Planning and product vision
It is true what they say: Planning is everything. Creating a strategic product roadmap and adhering to it daily is one of the first steps companies can take to set themselves up for success and avoid inefficiencies and waste in product. Identifying a market need, not a hot trend, is a good starting point, but leaders must couple that with a long-term definition of product vision. The longer-term outlook will serve to keep an organization on a specific path, offering it a true compass, and will help them avoid getting side-tracked on features that may not support that broader vision, which is so often a mistake companies find themselves making.
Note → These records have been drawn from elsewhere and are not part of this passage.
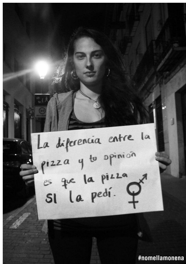
Figura 1. Fotografía de la campaña #nomellamonena . (Fuente: No Me Llamo Nena, s.f).

grupos feministas, apoyándola en su labor, pero también ha provocado respuestas de boicot por parte de grupos machistas, a partir de contra-campañas y de comentarios en los espacios por los que se difundió la campaña (Berenguer, Vayá y Bouchara, 2016). Una contra-campaña destacada fue la creación del blog #nomellamonene , el cual utilizó las fotografías originales pero cambiando los mensajes por otros, como por ejemplo, “no me juzgues por mi aspecto, barro y friego perfecto” o “cuando cojo la escoba me siento toda una señora” (Berenguer, Vayá y Bouchara, 2016, p. 150). A continuación, se presentan algunas de las fotografías de la campaña #nomellamonena :
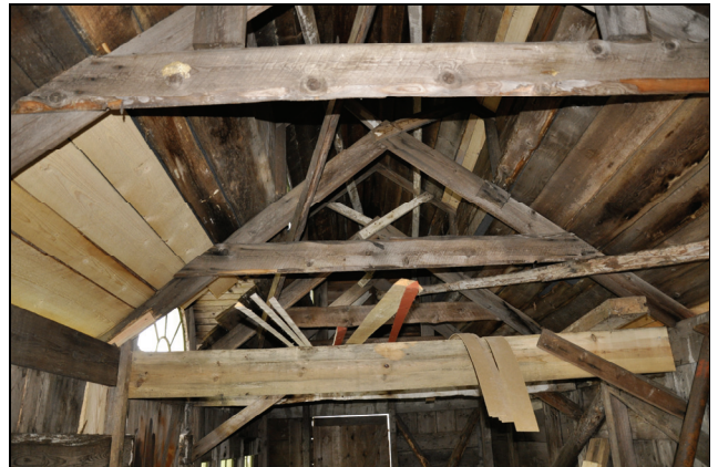
Byggnadens innertak efter restaurering. Taket var vid närmare undersökning i bättre skick än befarat och endast ett fåtal brädor ersattes.
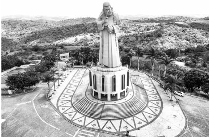
Festa celebrará os 135 anos da rainha do Brejo paraibano

A Rota Cultural Raízes do Brejo acontece neste fim de semana, no município de Guarabira, pela primeira vez, cujo tema é “Cultura, Fé e Poesia na Rainha do Brejo”. Prestes a completar 135 anos, Guarabira inicia as festividades com a Rota na sexta-feira (25) e se estende até o domingo (27). Durante a Rota, no sábado (26), também será celebrada a emancipação política da cidade, destacando as potencialidades da “Cidade Luz” como turismo, lazer e cultura.
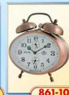
861-10 размер 115x85 мм
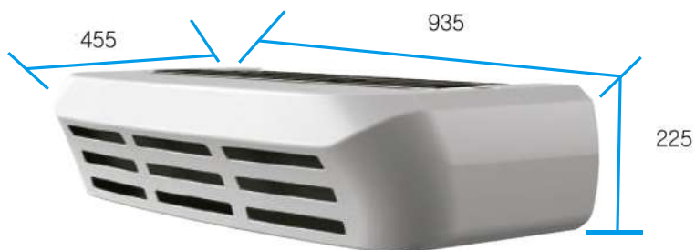
Condensador Dimensiones 935×455×225(L×W×H/mm)
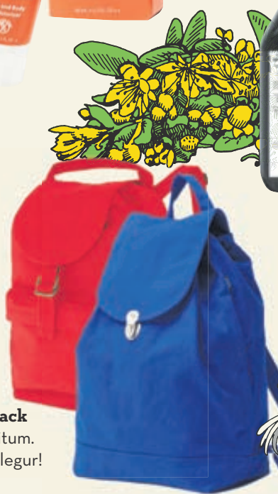
Baggu Back pack í sumarlegum litum. Kjörinn í allar útilegur!
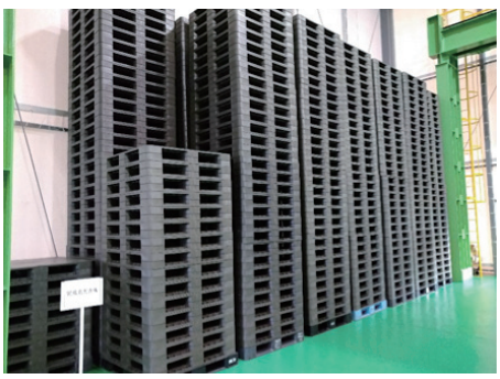
一般家庭から廃棄されるプラスチックを再利用 (搬送用パレット)
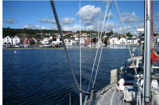
Nya pontonbryggor i Lillesand ger fint skydd

Fortsatte efter sydkusten och nu skulle vi äntligen gå via Blindleja och stanna på något mysigt ställe. Tidigare har vi bara snabbt gått igenom och inte hunnit stanna. Blev inte så denna gång heller, det blåste upp och jag mådde inte bra så till slut hamnade vi i Lillesand. Här har det hänt massor sedan vi var här för ett par år sedan. Nya pontonbryggor som skapade en skyddad hamn gjorde det väldigt trivsamt så här blev vi kvar en dag i ösregn och bläst.
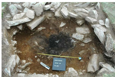
Figura 5. Llar de foc neolítica amb carbons documentada sota l'estructura 346 del jaciment d'Aigols Podrits, Vall de Núria (2016).

El mostreig implica, sempre que sigui possible, l'extracció d'aproximadament 4 L de sediment per tamisar-lo amb aigua o flotació utilitzant malles de 4, 2, 1 i 0,25 mm (Euba, 2009). Segons Chabal (1994), el nombre òptim de fragments per identificar ha de ser entre 250 i 400 fragments provinents d'un tamisatge amb una malla de \geq 4 mm. En una gran altitud, com són les cotes subalpines i alpines, la riquesa de vegetació específica és més modesta. Per aquest motiu, el nombre òptim de fragments que se'n poden analitzar pot ser menor, d'entre 50 i 100 fragments \geq 2 mm. També és recomanable utilitzar-hi la malla més fina, a causa
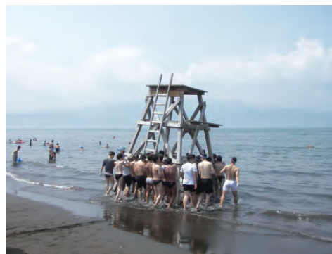
事前準備作業風景

また、各科とも6泊7日であった行事期間も、順次4泊5日へと短縮され、游泳行事期間内に更に効率良く・安全に過ごす事の重要性が増してきました。その他、游泳訓練の助手としての手伝いをする傍ら、行事の期間中に台風が接近した折には、和船の引き上げ固定作業や脚立の倒壊防止作業を行い、また脚立・杭・ブイ等が流された際には、復旧作業を速やかに行うなど、昼夜を問わず関わって参りました。
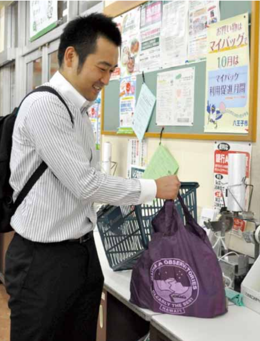
▲サラリーマンも仕事帰りにマイバッグでお買い物

■発行/ごみ減量対策課 〒192-8501 元本郷町三丁目24番1号 ☎620・7256(直通) FAX626・4506 ■ホームページアドレス http://www.city.hachioji.tokyo.jp/gomi/index.html
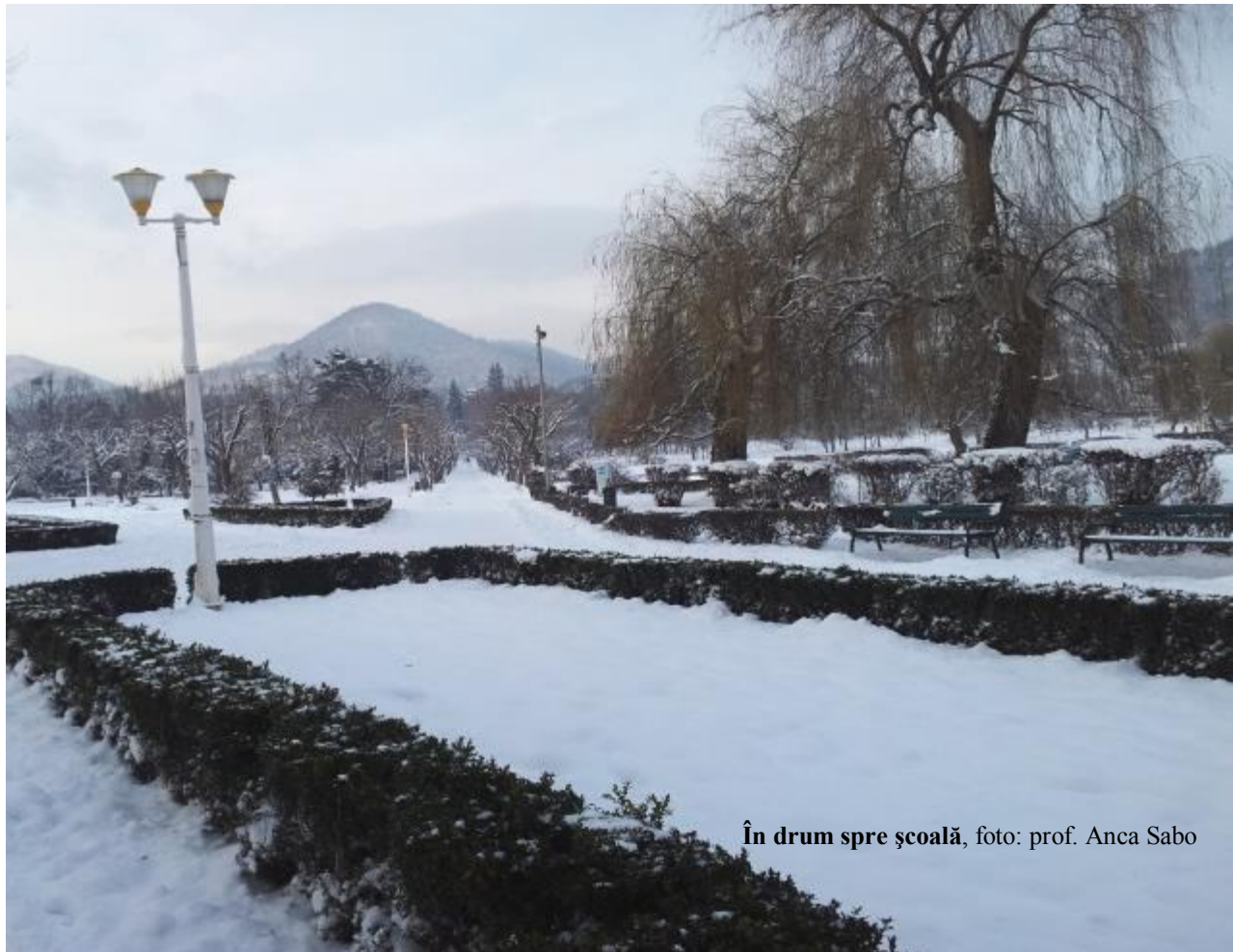
În drum spre școală
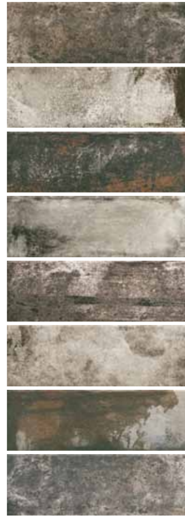
CA 8 / Nero 10x30 4"x12" 092

Pezzi Speciali Special Pieces • Formteile • Pièces spéciales Disponibili nei colori: - Available on colours: - Formteile in den Farben: - Disponibles dans les couleurs: CA 6 - CA 10 - CA 8
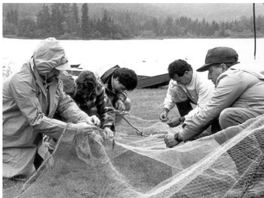
Quelques experts procédant à l'inventaire et l'identification des prises dans le filet.

Defining mid-term goals is also an important aspect of product development. While growth must be central to those goals, companies need to determine when they set those goals if it takes them too far away from longer-term visions. Striking that balance when setting goals is critical to supporting waste-free product scenarios. Mid-term goals that do not align with the long-term vision will undoubtedly steer a company off course, no matter how enticing the prospect of immediate growth may be.
When it comes to short-term initiatives and tactics, these must tie back to mid-term goals as well as the long-term vision. The best way to determine what this might look like is to separate customer needs from customer requests. A one-off product created to fit a customer with a niche request may not have value for most customers, and product usage will be low. It’s wasteful. Finding a way to navigate needs vs. requests is critical to aligning with the larger product roadmap.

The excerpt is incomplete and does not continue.